* [MATERIAL FOR THIS EXERCISE]:
● ● ●

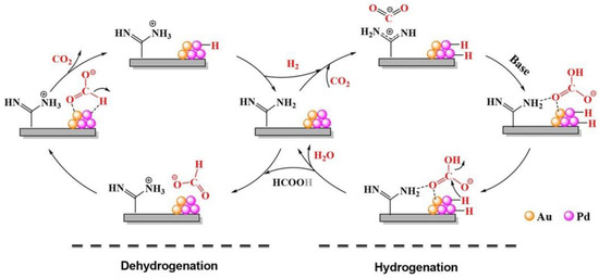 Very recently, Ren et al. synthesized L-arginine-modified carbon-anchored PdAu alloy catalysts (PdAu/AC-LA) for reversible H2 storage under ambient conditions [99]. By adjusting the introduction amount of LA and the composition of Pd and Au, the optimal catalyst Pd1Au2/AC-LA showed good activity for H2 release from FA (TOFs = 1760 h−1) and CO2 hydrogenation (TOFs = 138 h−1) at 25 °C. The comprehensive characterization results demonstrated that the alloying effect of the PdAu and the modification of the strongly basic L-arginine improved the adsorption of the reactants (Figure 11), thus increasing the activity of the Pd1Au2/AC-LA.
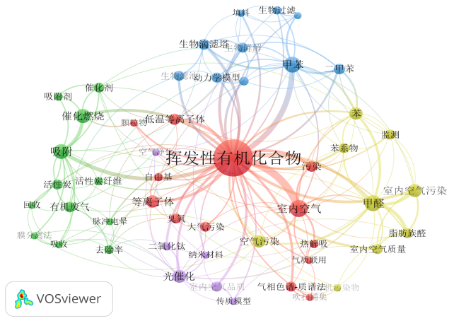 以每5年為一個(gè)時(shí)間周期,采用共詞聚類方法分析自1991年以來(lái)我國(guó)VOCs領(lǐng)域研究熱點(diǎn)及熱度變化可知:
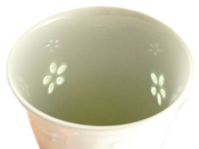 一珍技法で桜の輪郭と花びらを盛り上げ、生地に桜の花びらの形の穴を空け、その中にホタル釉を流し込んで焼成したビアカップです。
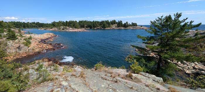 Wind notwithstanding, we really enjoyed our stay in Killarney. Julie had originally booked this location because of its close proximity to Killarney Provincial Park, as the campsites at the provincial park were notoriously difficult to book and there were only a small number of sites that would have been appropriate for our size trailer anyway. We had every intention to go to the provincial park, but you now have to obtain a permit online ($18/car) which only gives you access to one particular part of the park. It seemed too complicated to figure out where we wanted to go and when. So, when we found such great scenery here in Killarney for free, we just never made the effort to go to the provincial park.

● ● ●

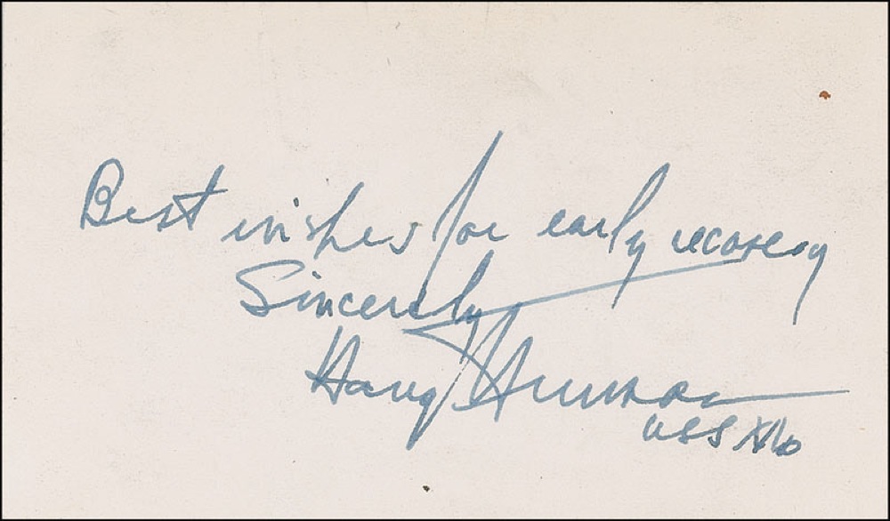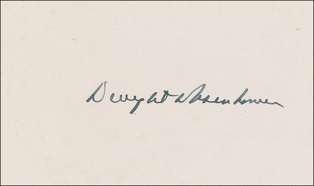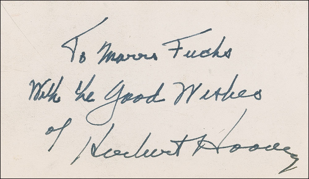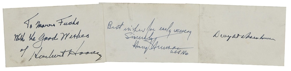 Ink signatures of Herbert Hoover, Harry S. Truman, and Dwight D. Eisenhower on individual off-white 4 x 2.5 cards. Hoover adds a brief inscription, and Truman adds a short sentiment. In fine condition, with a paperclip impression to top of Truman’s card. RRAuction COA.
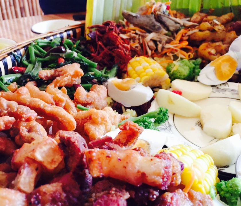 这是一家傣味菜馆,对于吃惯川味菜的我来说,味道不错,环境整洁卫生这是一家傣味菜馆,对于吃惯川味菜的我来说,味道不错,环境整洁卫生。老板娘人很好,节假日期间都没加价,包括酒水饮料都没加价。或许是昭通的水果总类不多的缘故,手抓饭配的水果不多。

● ● ●

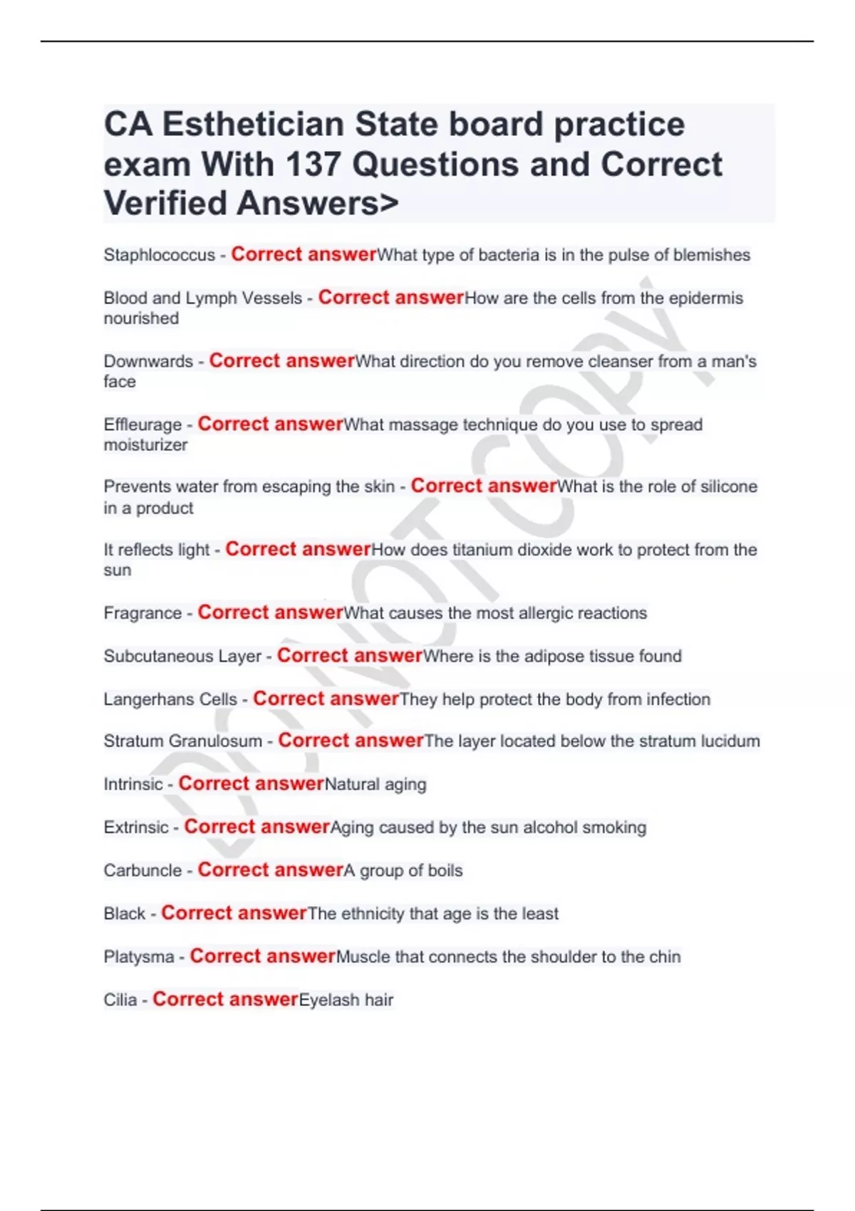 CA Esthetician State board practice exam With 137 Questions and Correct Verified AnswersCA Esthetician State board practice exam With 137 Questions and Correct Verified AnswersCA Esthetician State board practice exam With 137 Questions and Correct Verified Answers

● ● ●

* [WHAT YOU WILL DO]: Print the part of the listing above that opens with the line containing "Very recently, Ren" and closes with the line containing "Wind notwithstanding, we". Copy it exactly, both ends included, and omit the pictures.

* [SOLUTION]:
 Very recently, Ren et al. synthesized L-arginine-modified carbon-anchored PdAu alloy catalysts (PdAu/AC-LA) for reversible H2 storage under ambient conditions [99]. By adjusting the introduction amount of LA and the composition of Pd and Au, the optimal catalyst Pd1Au2/AC-LA showed good activity for H2 release from FA (TOFs = 1760 h−1) and CO2 hydrogenation (TOFs = 138 h−1) at 25 °C. The comprehensive characterization results demonstrated that the alloying effect of the PdAu and the modification of the strongly basic L-arginine improved the adsorption of the reactants (Figure 11), thus increasing the activity of the Pd1Au2/AC-LA.
 以每5年為一個(gè)時(shí)間周期,采用共詞聚類方法分析自1991年以來(lái)我國(guó)VOCs領(lǐng)域研究熱點(diǎn)及熱度變化可知:
 一珍技法で桜の輪郭と花びらを盛り上げ、生地に桜の花びらの形の穴を空け、その中にホタル釉を流し込んで焼成したビアカップです。
 Wind notwithstanding, we really enjoyed our stay in Killarney. Julie had originally booked this location because of its close proximity to Killarney Provincial Park, as the campsites at the provincial park were notoriously difficult to book and there were only a small number of sites that would have been appropriate for our size trailer anyway. We had every intention to go to the provincial park, but you now have to obtain a permit online ($18/car) which only gives you access to one particular part of the park. It seemed too complicated to figure out where we wanted to go and when. So, when we found such great scenery here in Killarney for free, we just never made the effort to go to the provincial park.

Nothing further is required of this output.